SELECT brand, count(finance.*), 
    sum(revenue) AS total_revenue,
    avg(discount),
    CASE WHEN listing_price < 42 THEN 'Budget'
        WHEN listing_price < 74 THEN 'Average'
        WHEN listing_price < 129 THEN 'Expensive'
        ELSE 'Elite' END AS price_category

FROM brands
INNER JOIN finance
USING(product_id)
WHERE brand IS NOT NULL 
GROUP BY brand, price_category
ORDER BY total_revenue DESC

 * postgresql://postgres:***@localhost:2705/mei_database
8 rows affected.


brand,count,total_revenue,avg,price_category
Adidas,849,4626980.069999998,0.3247349823321567,Expensive
Adidas,1060,3233661.0599999987,0.36962264150943,Average
Adidas,307,3014316.830000001,0.2885993485342019,Elite
Adidas,359,651661.1199999999,0.2933147632311986,Budget
Nike,357,595341.0199999999,0.0,Budget
Nike,82,128475.58999999995,0.0,Elite
Nike,90,71843.15,0.0,Expensive
Nike,16,6623.499999999999,0.0,Average


In [118]:
%%sql
SELECT brand, avg(discount)*100 || '%' AS average_discount
FROM brands
INNER JOIN finance
USING(product_id)
GROUP BY brand
HAVING brand IS NOT NULL

 * postgresql://postgres:***@localhost:2705/mei_database
2 rows affected.


brand,average_discount
Adidas,33.45242718446526%
Nike,0%


# Task 5: Correlation between revenue and reviews

In [119]:
%%sql
SELECT corr(revenue, reviews)
FROM finance
INNER JOIN reviews
USING (product_id)

 * postgresql://postgres:***@localhost:2705/mei_database
1 rows affected.


corr
0.6518512283481296


# Task 6: Ratings and reviews by product description length

In [120]:
%%sql
SELECT TRUNC(length(description) /100) * 100 AS description_length, round(avg(rating::numeric), 2) AS average_rating, round(avg(reviews::numeric), 2) AS avg_reviews
FROM info
INNER JOIN reviews
USING(product_id)
WHERE description IS NOT NULL
GROUP BY description_length
ORDER BY description_length
LIMIT 10

 * postgresql://postgres:***@localhost:2705/mei_database
7 rows affected.


description_length,average_rating,avg_reviews
0.0,1.87,4.0
100.0,3.21,33.0
200.0,3.27,42.68
300.0,3.29,44.52
400.0,3.32,42.69
500.0,3.12,56.8
600.0,3.65,54.53


In [121]:
%%sql
WITH exam_corr AS(
    SELECT TRUNC(length(description) /100) * 100 AS description_length, round(avg(rating::numeric), 2) AS average_rating
        FROM info
        INNER JOIN reviews
        USING(product_id)
        WHERE description IS NOT NULL
        GROUP BY description_length
        ORDER BY description_length
)
SELECT corr(description_length, average_rating)
FROM exam_corr

 * postgresql://postgres:***@localhost:2705/mei_database
1 rows affected.


corr
0.7066864470096965


In [122]:
%%sql
SELECT corr(length(description), rating)
FROM info
INNER JOIN reviews
USING(product_id)
WHERE description IS NOT NULL

 * postgresql://postgres:***@localhost:2705/mei_database
1 rows affected.


corr
0.0288267915104933


# Task 7: Reviews by month and brand
As we know a correlation exists between reviews and revenue, one approach the company could take is to run experiments with different sales processes encouraging more reviews from customers about their purchases, such as by offering a small discount on future purchases.

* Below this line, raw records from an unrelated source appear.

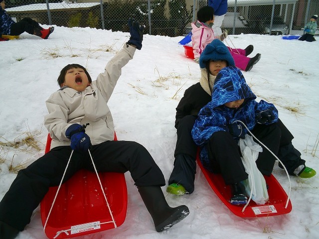 9日からの大雪で、大人は「安全に登下校できるかな」とドキドキしていましたが、ふたば級・こばと級の子供たちは積もった雪を見て大喜び!朝から「雪遊びできる?」「何限目にする?」とわくわくでした。5限目になると、はりきってウエアに着替え、そりを使って滑ったり、雪玉をつくったり、投げ合ったり、雪の上で寝転んだりとそれぞれの楽しみ方で思いっきり遊びました。みんなが誘い合って、仲良く活動できました。今日のように、みんなの笑顔が輝く3学期になりますように。
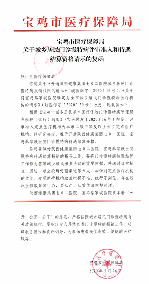 为了更好的服务于岐山周边居民,宝鸡蔡家坡医院特向宝鸡市医疗保障局申请“城乡居民门诊慢特病结算资格”。宝鸡市医疗保障局于2020年5月26日正式批准我院门诊慢特病待遇结算资格。
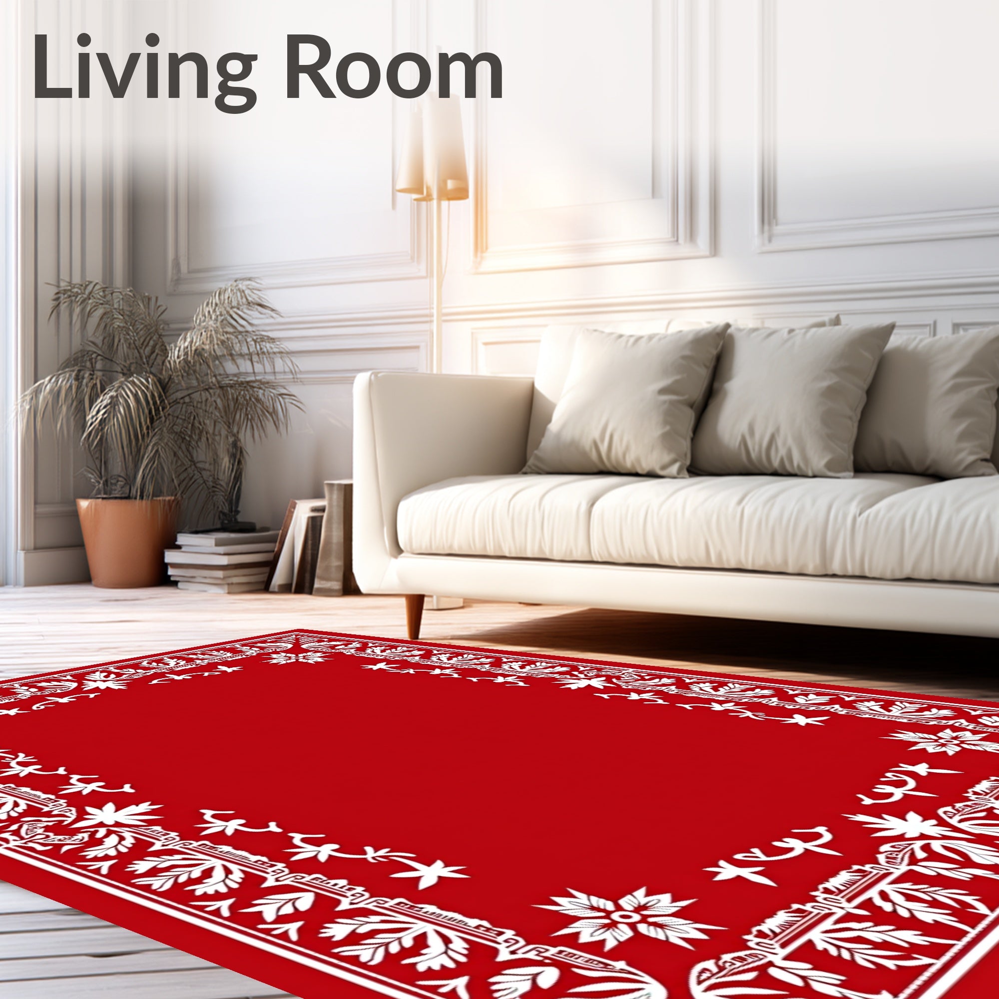 Ultra Soft Area Rug, Non Slip, Stain Resistant, Washable Area Rugs for Living Room, Bedroom, Whimsical Holiday Design Featuring Tipped Leaves and Bursts(Red) Overview:
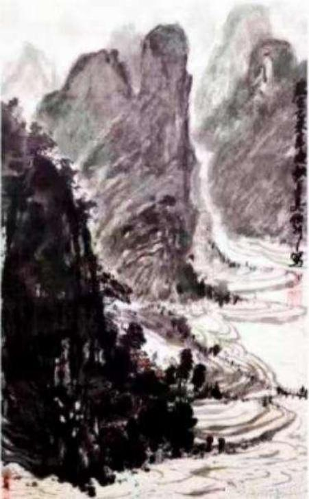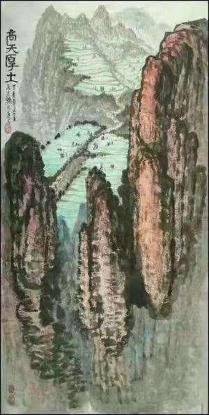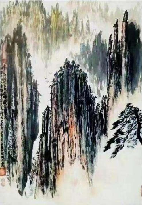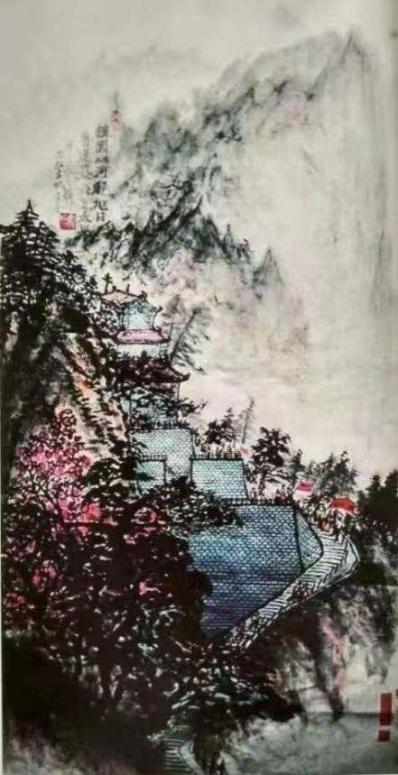 山水在他的笔墨里 ,必是人格精神化的表现!对境造意,善骨法用 笔,有勾勒山体岩崖的钢铁铁铸。通过落笔钧直的皴擦 ,让每一根线条不断结组成云上山巅的精神浩莽!笔笔相生,绝不松懈。写意山水必是歌颂时代精神的主题塑造。所以他的山水不作小文人画的造作,而是长安画派志写高远的气派!再参意岭南画的色墨无碍 ,通过赏心悦目的水墨铺陈和色彩渲染 ,让山水格外苍润 ,有精神亦有气韵。正是应物象形 ,随类赋彩的佳作。
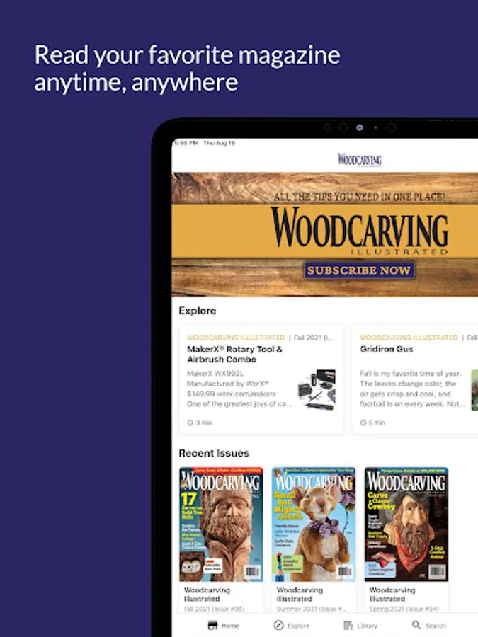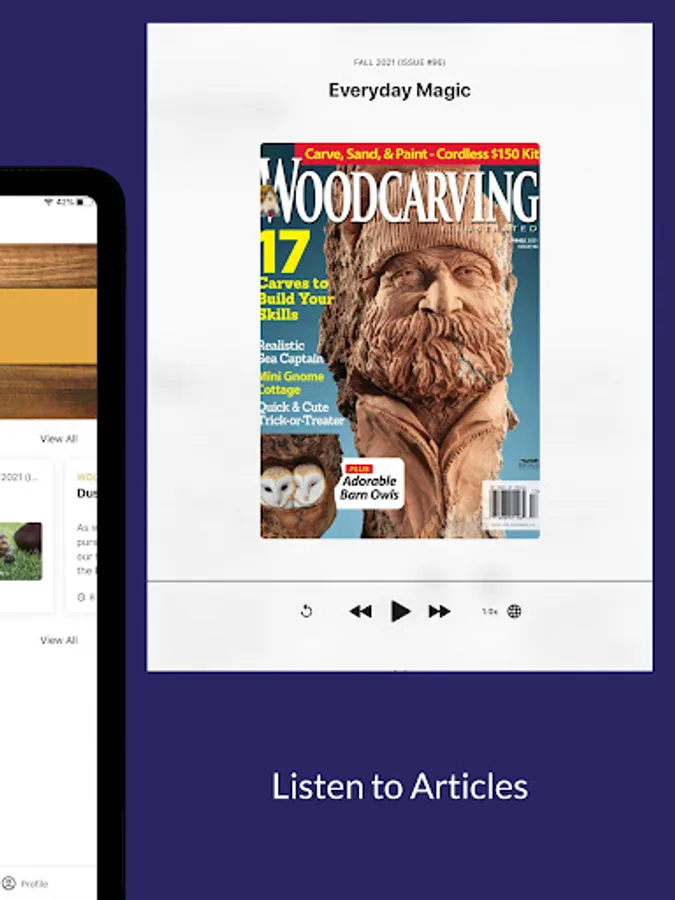 Woodcarving Illustrated magazine is your go-to guide for the latest and greatest carving projects, tips, and techniques for all skill levels. Each issue includes a wide range of detailed step-by-step projects, inspiring feature articles, and reviews of the newest and most useful tools on the market.
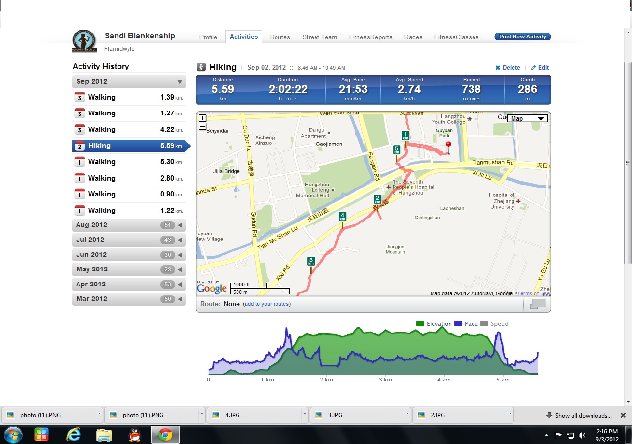 Last year I walked on my first day of work. I was a month into the Dukan Diet and I weighed 236 lbs/107.5 kgs. I was walking every day in Abu Dhabi for the prescribed 30 minutes. On that walk to work which is 1.5 kms/0.92 miles I decided that I was going to walk to and from work EVERY SINGLE DAY for the whole year of my contract. AND DAMMIT… I DID! I walked every single day to work for 12 months. My estimate (taking into consideration vacations and trips to work in other cities, where I also walked to work) is that here in Hangzhou I walked to work approximately 200 times. That’s 200 miles! Woot!
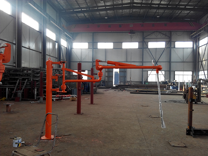 流体装卸臂又称鹤管,由转动灵活,密封性好的旋转接头与钢性弯头及管道连接起来,用于装卸栈桥储运管线与公路、铁路槽车之间液体或气体产品传输的专用设备。
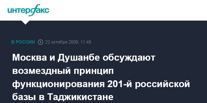 Москва. 22 октября. INTERFAX.RU - Минобороны РФ и МИД Таджикистана прорабатывают вопрос относительно оплаты функционирования 201-й российской военной базы (РВБ) в Таджикистане.
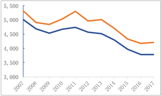 同低增速的全社會(huì)用電量和火電發(fā)電量相比,2017年以前,火電的裝機(jī)量增速一直保持在6%-9%之間,供應(yīng)量增速明顯高于需求水平,導(dǎo)致火力發(fā)電設(shè)備平均利用小時(shí)逐年降低。2016年火電設(shè)備平均利用小時(shí)為4165小時(shí),同比降低164個(gè)小時(shí)創(chuàng)下新低,2017年也僅同比增加1小時(shí),火電設(shè)備的利用率持續(xù)低迷,反映電力供需格局仍然寬松。
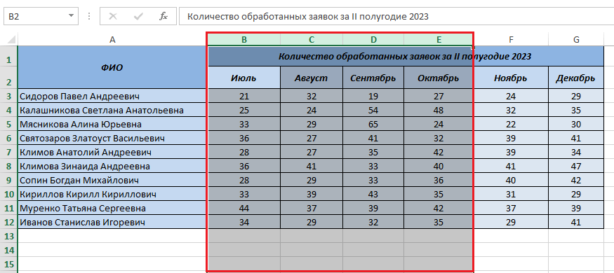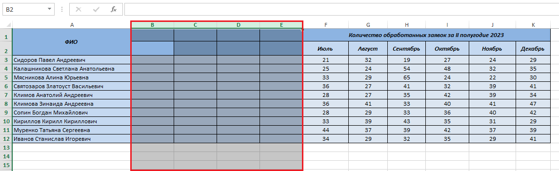 Для примера, добавим 4 новых столбца внутрь уже существующей таблицы. Для этого выделяем колонки В, С, D, E— достаточно нажать по всем буквам по очереди, зажав SHIFT.
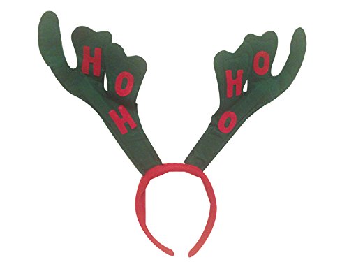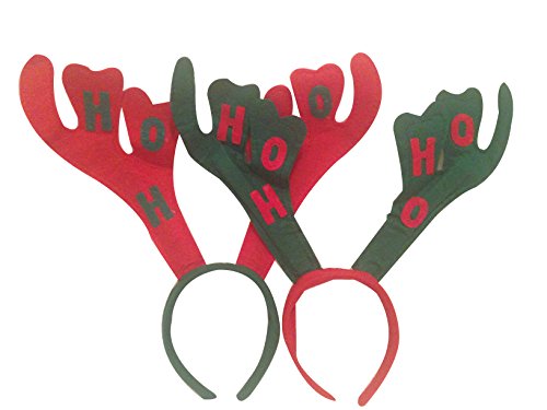 Set of 2 - Red & Green - Christmas Reindeer Antlers (Head Band) Ho Ho Ho
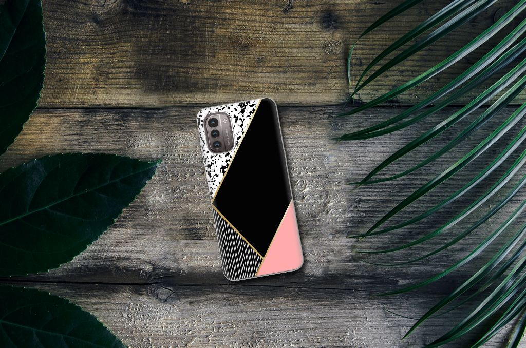 TPU Hoesje Nokia G21 | G11 Zwart Roze Vormen Design
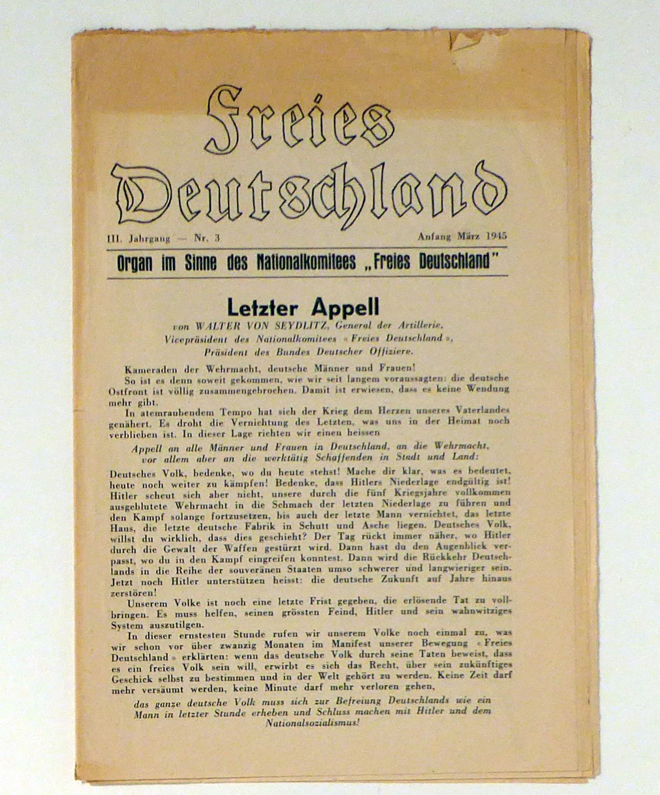 Herausgegeben von der Bewegung Freies Deutschland in der Schweiz. Noch illegal erschienen, da Emigranten politische Aktivitäten untersagt waren. Die Bewegung "Freies Deutschland in der Schweiz" wurde erst im März 1945 offiziell zugelassen. Leitartikel von Walter von Seydlitz: "Die Besetzung Deutschlads und unser Volk" (Nr. 2) und "Letzter Appell" (Nr. 3)
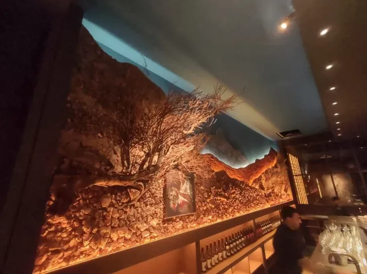 “Arrabales últimos’ se llama el mural que brilla en el área de eventos de la bodega. De 2,60 x 8 m y 2 toneladas de peso, está realizado en piedras, arcilla, barro y vegetación del lugar, acrílicos y óleos. Obra del artista visual y arquitecto Carlos Gómez Centurión, le sumó un cuadro suyo de la serie “La intolerancia argentina’, la cabeza de Narciso de Laprida, que murió degollado por los montoneros de Aldao. El nombre surge de los versos de Poema Conjetural, que Borges dedicó a Laprida (algunos autores dicen que tenían parentesco). “Así, esto que era un paisaje se convierte en un territorio, con historia, pasiones, deslealtades y cabezas cortadas’, expresó el artista.
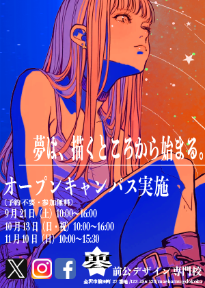 デザイン専門学校のポスターを作成しました。ターゲットは18~20歳前半で隠していた才能を 明るい未来に向かってという感じで作りました。元々はピンクの画像の女の子だったですが、夕日にしたかったので Photoshopで色相彩度を使用し調整しました。背景も同じです。明るい方には星などを散りばめられたのを使用し明るい未来を表現。 実施内容は大きく表示してわかりやすくしました。SNSアイコンを載せてポスターをみて学校の名前を検索するという流れに なればいいなと思い作成しました。
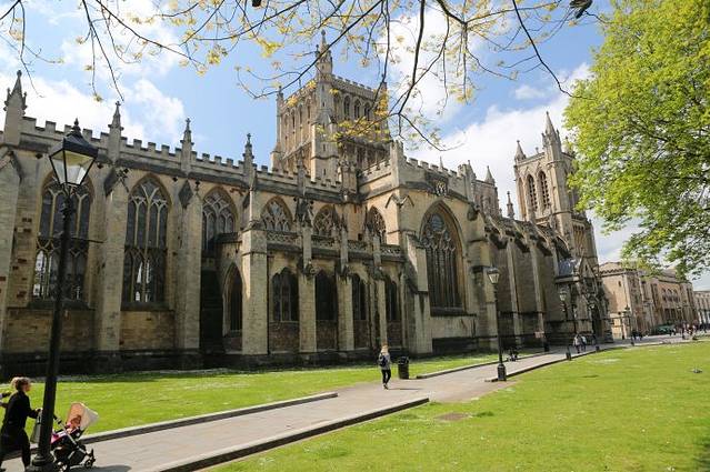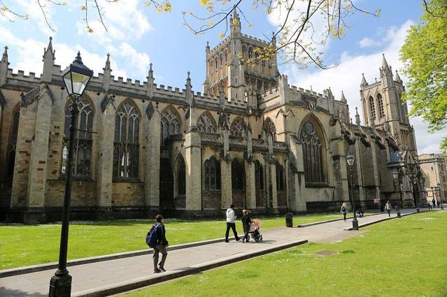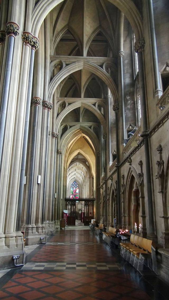 图片上的建筑就是著名的布里斯托尔大教堂。在英国,几乎每个城市里都有一个甚至数个教堂。布里斯托尔大教堂是诺曼时代建立的古老教堂,哥特式的建筑风格,最早是圣奥古斯丁修道院,在16世纪和19世纪进行过大规模修复重建。有鲁滨孙原型赛尔柯克捐赠的大洋烛。

Let's take a look at the volume of reviews by month to see if there are any trends or gaps we can look to exploit.



In [123]:
%%sql
SELECT brand, date_part('month', last_visited) AS month, count(reviews) as num_reviews
FROM brands
INNER JOIN traffic
USING (product_id) 
INNER JOIN reviews
USING (product_id)
WHERE date_part('year', last_visited) != 2020
GROUP BY brand, month
HAVING brand IS NOT NULL AND date_part('month', last_visited) IS NOT NULL
ORDER BY brand, month

 * postgresql://postgres:***@localhost:2705/mei_database
24 rows affected.


brand,month,num_reviews
Adidas,1.0,163
Adidas,2.0,173
Adidas,3.0,178
Adidas,4.0,151
Adidas,5.0,172
Adidas,6.0,159
Adidas,7.0,170
Adidas,8.0,189
Adidas,9.0,181
Adidas,10.0,192


In [124]:
%%sql
select min(LAST_VISITED), max(LAST_VISITED)
from traffic

 * postgresql://postgres:***@localhost:2705/mei_database
1 rows affected.


min,max
2018-01-01 00:00:00,2020-04-12 19:00:00


# Task 8+9:     Product Performance

In [126]:
%%sql

-- Create the footwear CTE, containing description and revenue
-- Filter footwear for products with a description containing %shoe%, %trainer, or %foot%
-- Also filter for products that are not missing values for description
-- Calculate the number of products and median revenue for footwear products

WITH footwear AS(
    SELECT description, revenue
    FROM info 
    INNER JOIN finance 
    USING (product_id)
    WHERE (description ILIKE '%shoe%' OR description ILIKE '%trainer%' OR description ILIKE '%foot%') AND description IS NOT NULL)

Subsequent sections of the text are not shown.